Abbreviations: N/A, not applicable; mGFR, measured glomerular filtration rate; SB2M, serum β2-microglobulin concentration; SBTP, serum β-trace protein concentration; Scr serum creatinine concentration; Scys serum cystatin C concentration.

There were only 26 patients included in the presurgery visit 1 because there were technical issues with mGFR measurement for 1 patient during visit 1. Changes in mGFR and filtration markers were estimated using generalized estimating equations, clustered by individuals, and regression calibration was used to account for measurement error. Filtration markers were log-transformed and the β-coefficients were back-transformed and are presented as % change.

The 3-marker panel was more accurate than eGFRcys (75% vs 59% of estimates within 20% of mGFR; P = 0.004), and the 4-marker panel was found to be more accurate than eGFRcr-cys (86% vs 82%; P = 0.04) (Table 2, Table S2).
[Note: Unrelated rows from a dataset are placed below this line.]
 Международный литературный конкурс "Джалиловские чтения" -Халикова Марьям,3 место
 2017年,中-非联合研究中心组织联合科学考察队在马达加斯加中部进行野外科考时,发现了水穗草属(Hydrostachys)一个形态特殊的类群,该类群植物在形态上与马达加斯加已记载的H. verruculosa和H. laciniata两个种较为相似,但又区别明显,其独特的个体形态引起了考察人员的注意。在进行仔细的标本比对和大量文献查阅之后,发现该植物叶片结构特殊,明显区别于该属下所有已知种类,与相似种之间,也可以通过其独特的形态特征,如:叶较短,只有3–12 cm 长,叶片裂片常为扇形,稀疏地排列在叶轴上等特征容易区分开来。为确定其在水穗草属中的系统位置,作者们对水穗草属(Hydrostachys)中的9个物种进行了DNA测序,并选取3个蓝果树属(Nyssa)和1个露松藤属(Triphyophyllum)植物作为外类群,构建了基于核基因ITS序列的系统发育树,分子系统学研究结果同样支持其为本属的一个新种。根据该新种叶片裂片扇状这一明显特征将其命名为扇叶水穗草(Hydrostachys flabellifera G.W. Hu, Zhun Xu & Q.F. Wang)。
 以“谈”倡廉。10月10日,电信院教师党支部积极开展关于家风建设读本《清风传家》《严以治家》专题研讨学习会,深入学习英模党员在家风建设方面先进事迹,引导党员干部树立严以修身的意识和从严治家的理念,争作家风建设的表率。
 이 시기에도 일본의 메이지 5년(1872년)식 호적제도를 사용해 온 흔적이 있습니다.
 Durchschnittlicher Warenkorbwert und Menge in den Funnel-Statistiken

There were similar improvements in P20 for the 3- and 4-marker panels before and after surgery (Tables S3, S4).

Table 2

Performance of Nonindexed eGFR in Bariatric Surgery Patients

	Mean bias(mL/min)	IQR of bias(mL/min)	P20(%)	P30(%)
eGFRcr	8.7 (2.9, 14.5)	23.9 (18.1, 29.7)	68% (57%, 79%)	84% (76%, 93%)
eGFRcys	−11.5 (−18.7, −4.3)	25.5 (19.6, 31.4)	59% (46%, 73%)	85% (76%, 95%)
eGFRcys-B2M-BTP	−11.0 (−17.2, −4.8)	20.6 (14.1, 27.0)	75% (64%, 86%)a	91% (84%, 98%)
eGFRcr-cys	−3.2 (−8.1, 1.7)	23.6 (19.4, 27.8)	82% (73%, 90%)	91% (85%, 98%)
eGFRcr-cys-B2M-BTP	−3.5 (−7.8, 0.9)	18.9 (15.5, 22.3)	86% (79%, 94%)a	95% (91%, 100%)
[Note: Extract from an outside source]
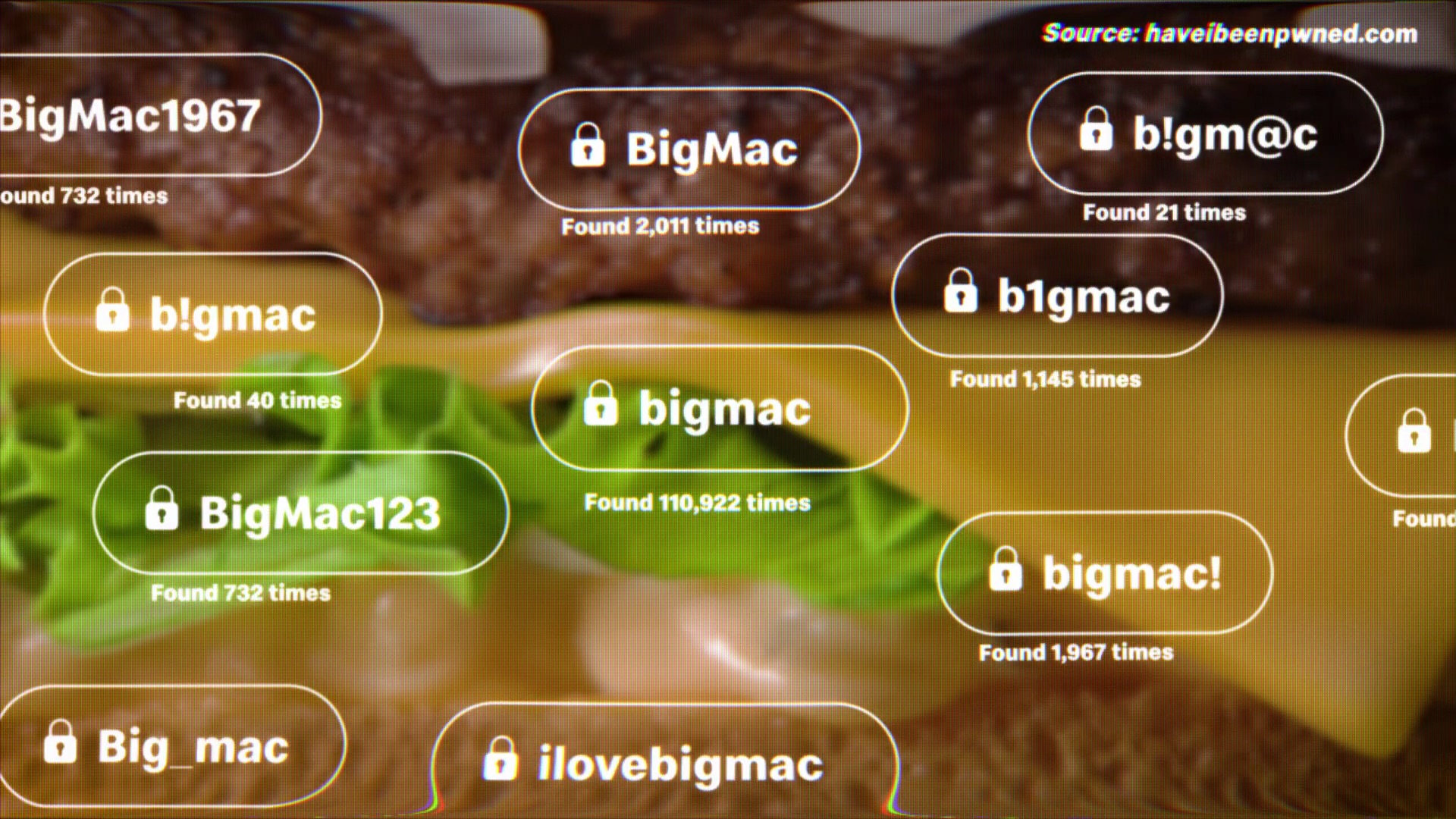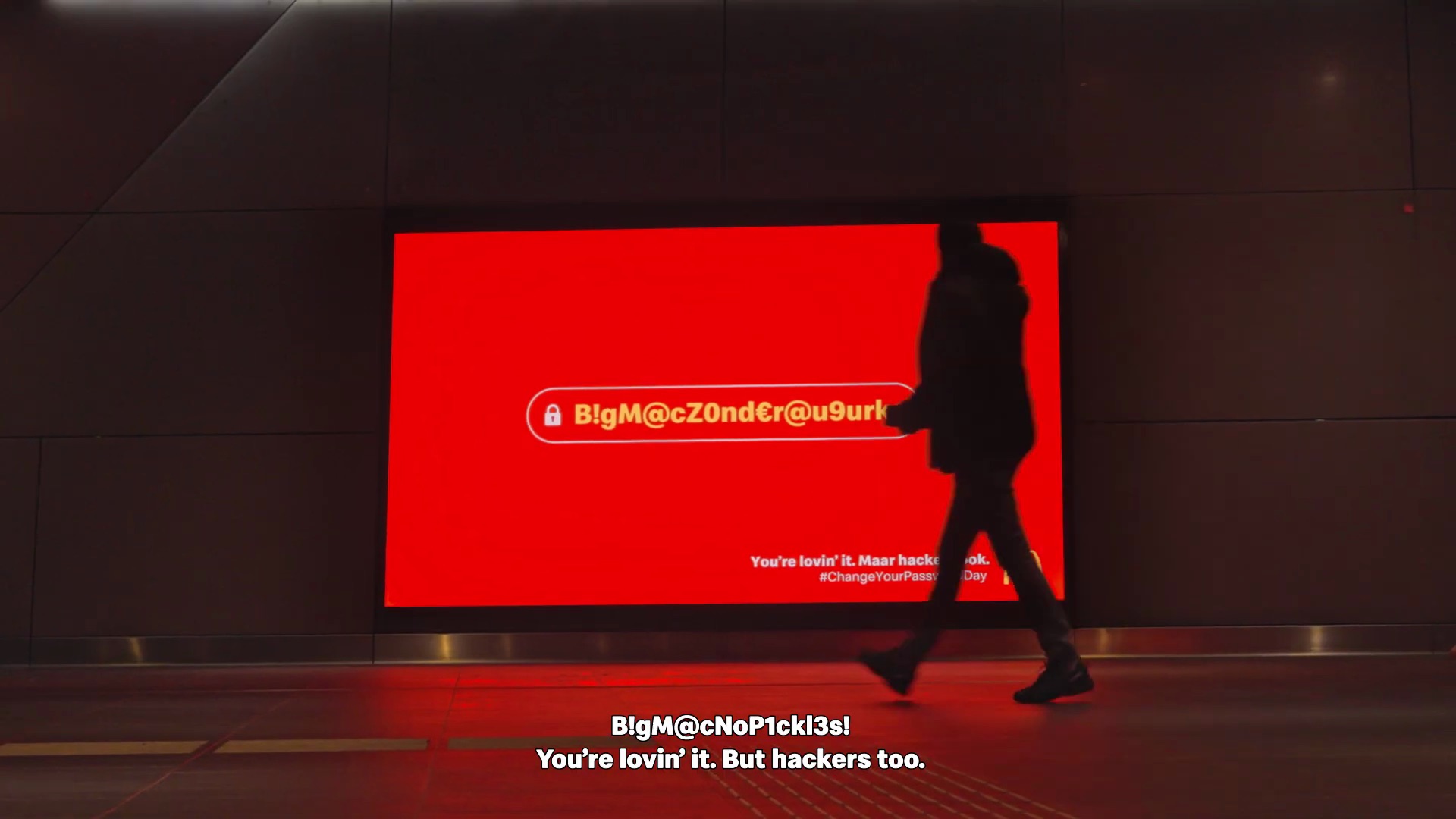 - En affichage digital, la marque affiche des mots de passe issus de fuites comme « bigmac », utilisé plus de 110 000 fois, ou « happymeal ».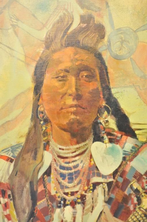 Lot 149 Original oil on canvas signed lower right “Boyle ‘77” and entitled on back “Crow Chief”. Measures

Note: Analyses included 103 measurements in 27 participants at 4 visits because bias, precision, and accuracy for the eGFR equations were similar before and after surgery. The nonindexed GFR was calculated by multiplying indexed GFR values by body surface area/1.73m2. The bias was calculated as mean difference between eGFR and mGFR, and precision was reported as the IQR of the difference. The accuracy was assessed by the percentage of eGFR within 20% or 30% of mGFR. Bootstrapping (2,000 replications) was used to calculate 95% confidence intervals for each of the parameters.

Abbreviations: B2M, β2-microglobulin; BTP, β-trace protein; Cr, creatinine; cys, cystatin C; IQR, interquartile range; mGFR, measured glomerular filtration rate.

P = 0.004 for the comparison of P20 between eGFRcys-B2M-BTP and eGFRcys. P = 0.04 for the comparison of P20 between eGFRcr-cys-B2M-BTP and eGFRcr-cys.

Our results show that serum creatinine and β-trace protein concentrations declined more than serum cystatin C and B2M concentrations following bariatric surgery, independent of GFR. BTP is a 23-29 kDa glycoprotein enzyme generated in the central nervous system and other tissues that promotes the conversion of prostaglandin H2 to prostaglandin D and is used clinically as a marker for the leakage of cerebrospinal fluid into nasal secretions. B2M is an 11.8 kDa protein found on the surface of all nucleated cells associated with major histocompatibility complex class I molecules and is used as a tumor marker in multiple myeloma., Our study does not provide insight into the mechanisms of a decline in BTP after bariatric surgery. These findings should be replicated in other bariatric surgery cohorts with measured GFR and multiple filtration markers.

Our results suggest that the inclusion of B2M and BTP in estimating equations could potentially improve performance of GFR estimation in patients undergoing bariatric surgery. The limitations include small sample size, lack of diversity, and few participants with chronic kidney disease.

B2M and BTP may be useful endogenous filtration markers for GFR estimation in patients with severe obesity and after bariatric surgery. However, the eGFRcr-cys equation already performed well in our population. Further studies are necessary to confirm these findings.